Task objective: Below are records with pictures; copy word for word only the lines between the line with "需要注意的是,当前看涨结构已" and the line with "Suíte no Motel", inclusive, and drop the pictures.

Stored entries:

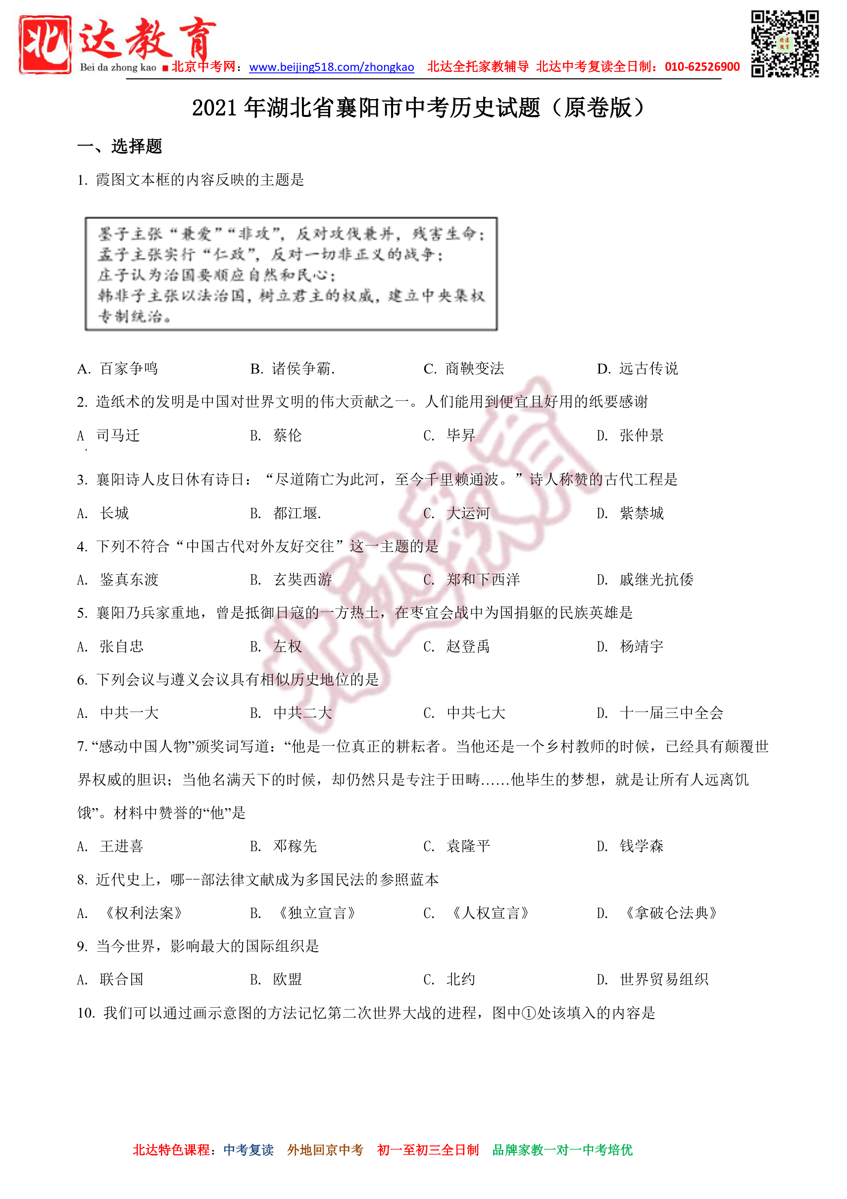 2021年湖北省襄阳市中考历史试题(原卷版)
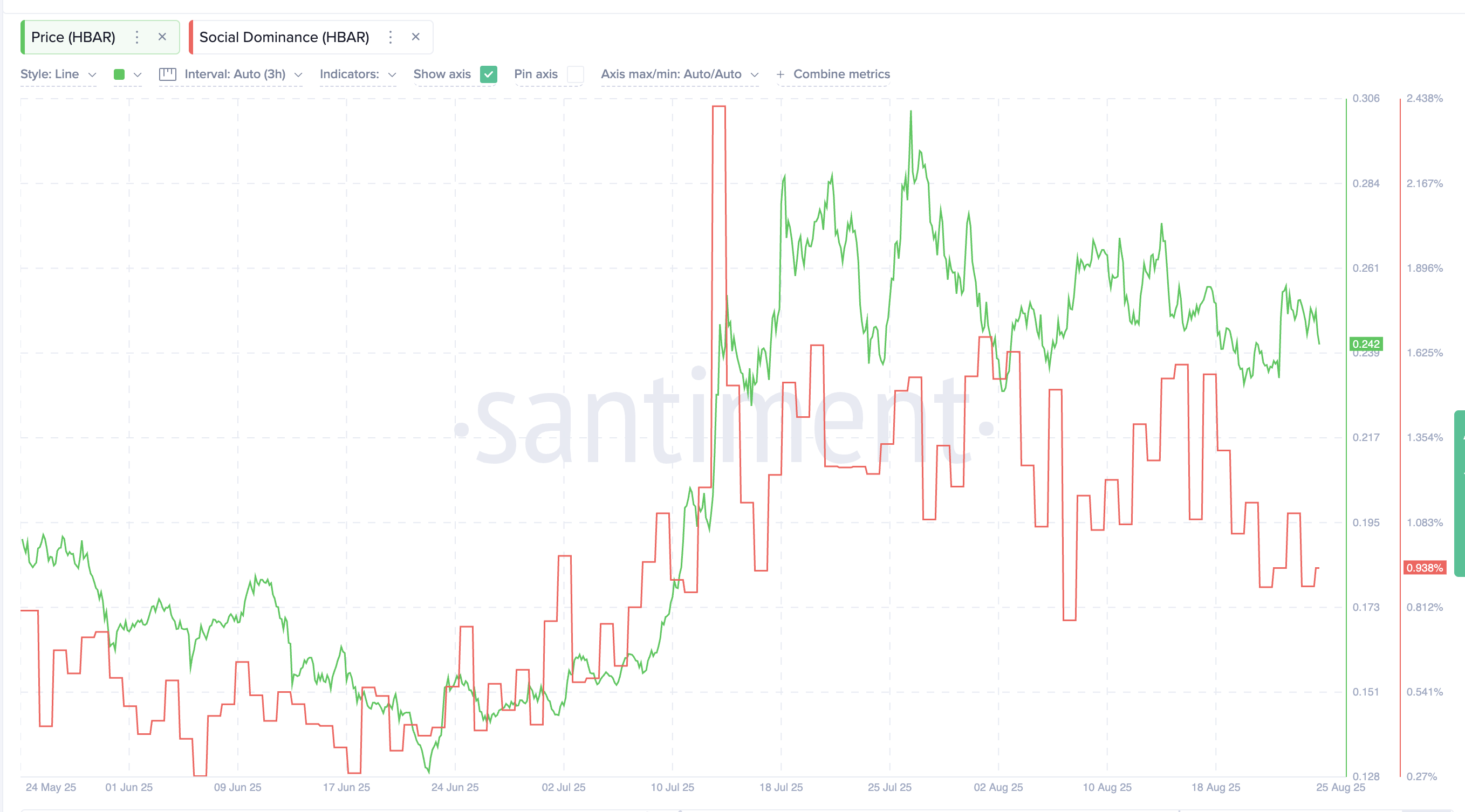 需要注意的是,当前看涨结构已如履薄冰,任何突破都可能改变局面。一个警示信号来自HBAR市场关注度的持续下滑——自7月中旬以来,其社交主导地位下降近90%,从7月13日2.41%的高点降至目前的0.93%,反映出讨论热度的急剧降温。
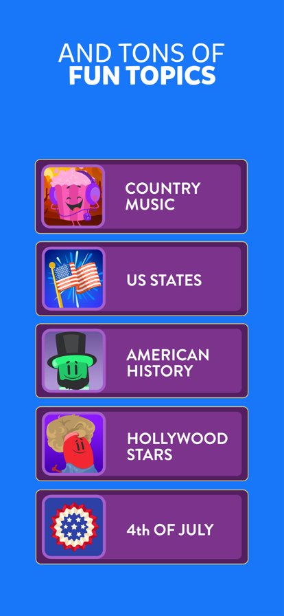 收集角色:通过正确回答这个益智问答游戏中的三个问题来赢得他们,或者挑战你的对手决斗以抢走他们的一个角色!获得全部六个角色即可赢得测验!谁的智商最高?
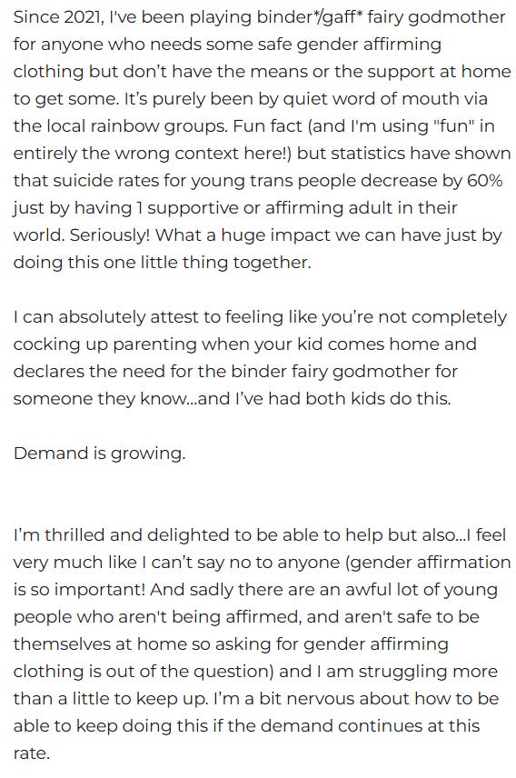 Yarn Therapy devotes a page of their website to giving away these items, no questions asked. The page is called ‘The Gender Affirming Fairy Godmother Project!’ In my opinion, that’s very much in line with all the other luring ‘love’ language used widely in the general promotion of gender ideology.
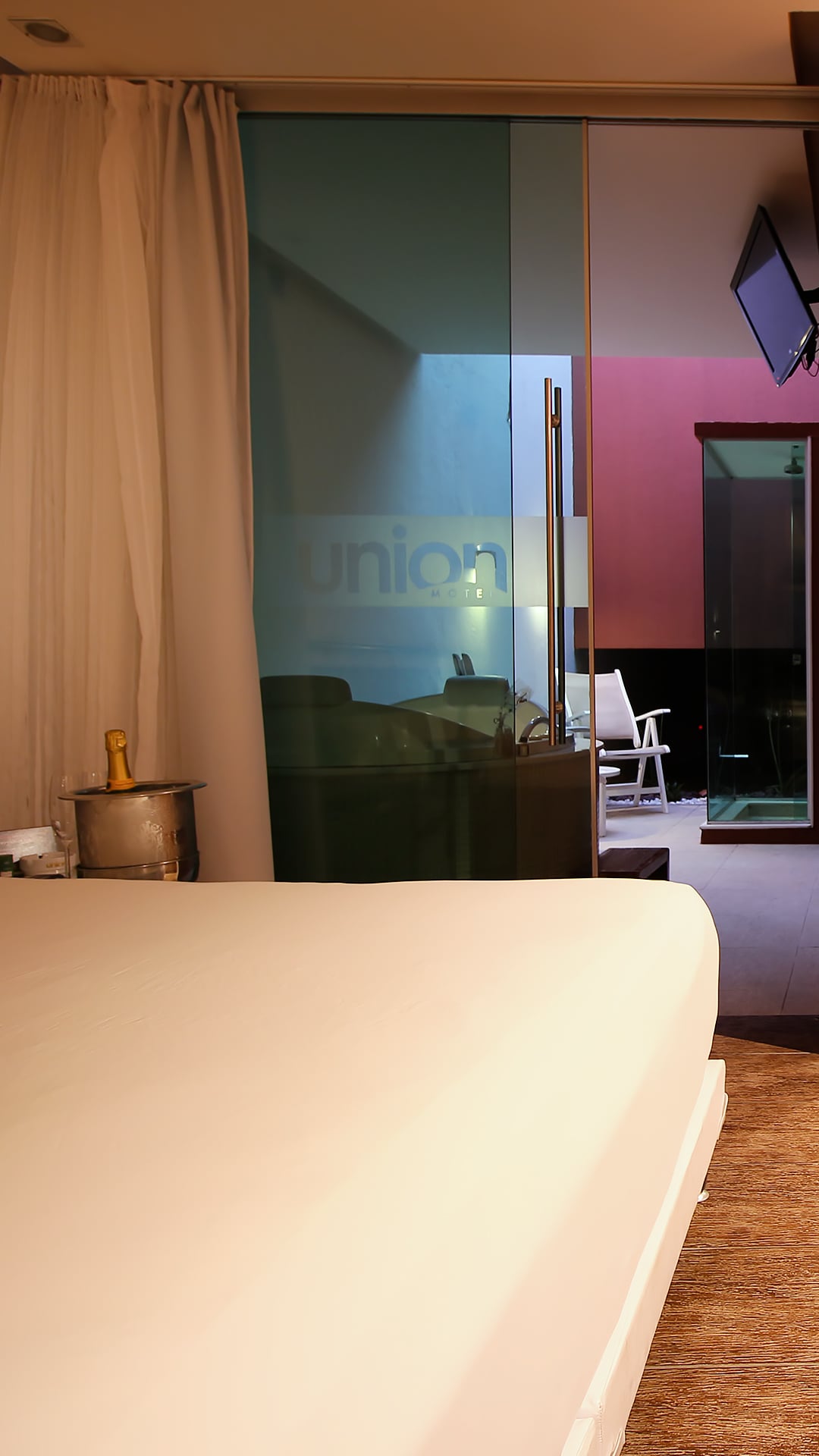 Suíte no Motel Premium Union ✅Inclui um super café para 2 ✅Hidro relaxante na área externa ✅Cama king ✅Iluminação aconchegante ✅Smart Tv Youtube Netflix ✅Soundbar, Wi-Fi e ar-split ✅Cozinha contemporânea e japonesa 24h ✅No ponto turístico Praia do Jacaré, onde há passeios de lancha Opcional: pacote romântico com Lençóis vermelhos de cetim, pétalas, espumante, mesa posta etc. para datas inesquecíveis por mais 150,00 Permitido apenas para maiores de 18 anos, não aceitamos crianças nem PETs
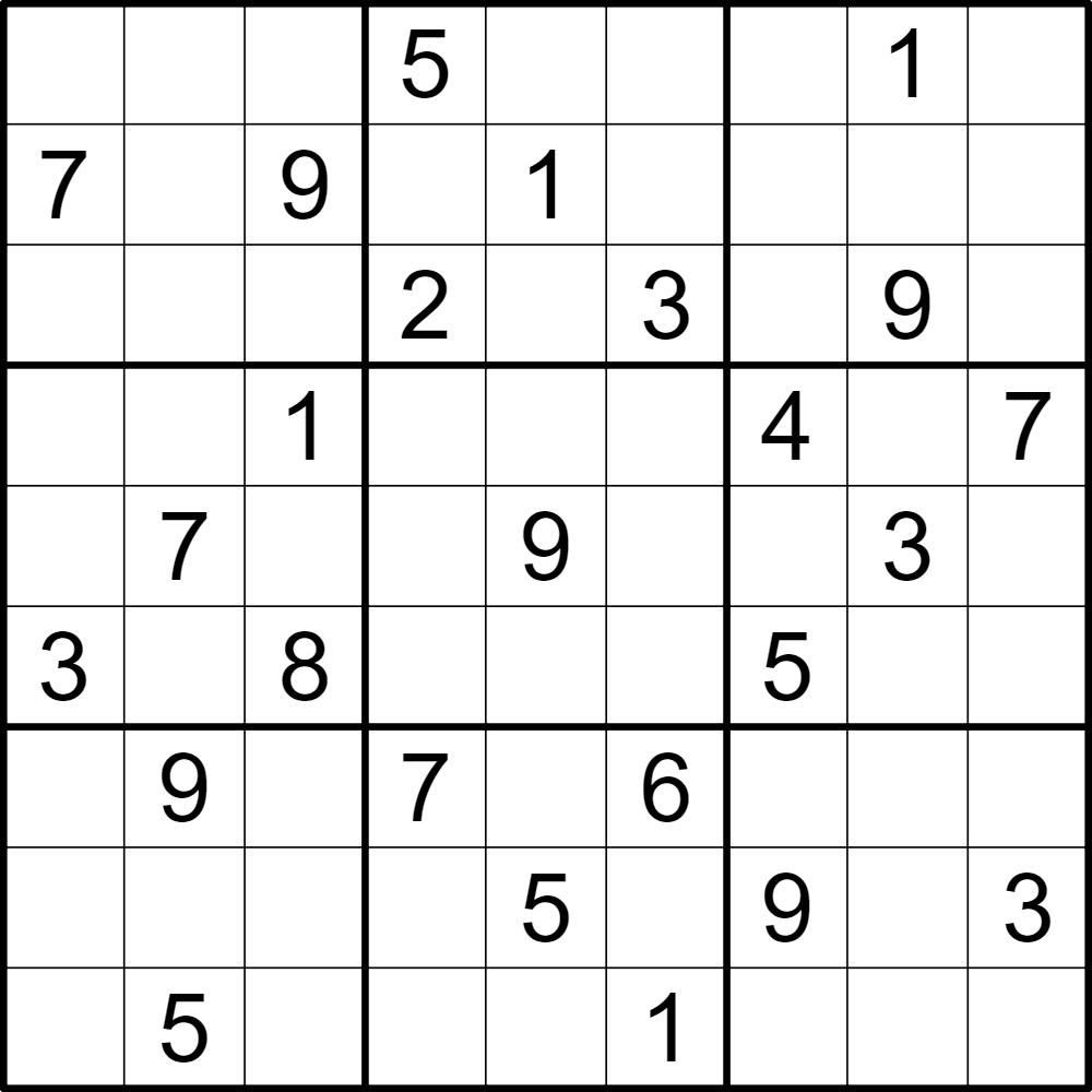 Fill every empty cell in the grid with a digit from 1-9 in a certain order, such that no digit repeats in a row, column or box.

Written answer:
 需要注意的是,当前看涨结构已如履薄冰,任何突破都可能改变局面。一个警示信号来自HBAR市场关注度的持续下滑——自7月中旬以来,其社交主导地位下降近90%,从7月13日2.41%的高点降至目前的0.93%,反映出讨论热度的急剧降温。
 收集角色:通过正确回答这个益智问答游戏中的三个问题来赢得他们,或者挑战你的对手决斗以抢走他们的一个角色!获得全部六个角色即可赢得测验!谁的智商最高?
 Yarn Therapy devotes a page of their website to giving away these items, no questions asked. The page is called ‘The Gender Affirming Fairy Godmother Project!’ In my opinion, that’s very much in line with all the other luring ‘love’ language used widely in the general promotion of gender ideology.
 Suíte no Motel Premium Union ✅Inclui um super café para 2 ✅Hidro relaxante na área externa ✅Cama king ✅Iluminação aconchegante ✅Smart Tv Youtube Netflix ✅Soundbar, Wi-Fi e ar-split ✅Cozinha contemporânea e japonesa 24h ✅No ponto turístico Praia do Jacaré, onde há passeios de lancha Opcional: pacote romântico com Lençóis vermelhos de cetim, pétalas, espumante, mesa posta etc. para datas inesquecíveis por mais 150,00 Permitido apenas para maiores de 18 anos, não aceitamos crianças nem PETs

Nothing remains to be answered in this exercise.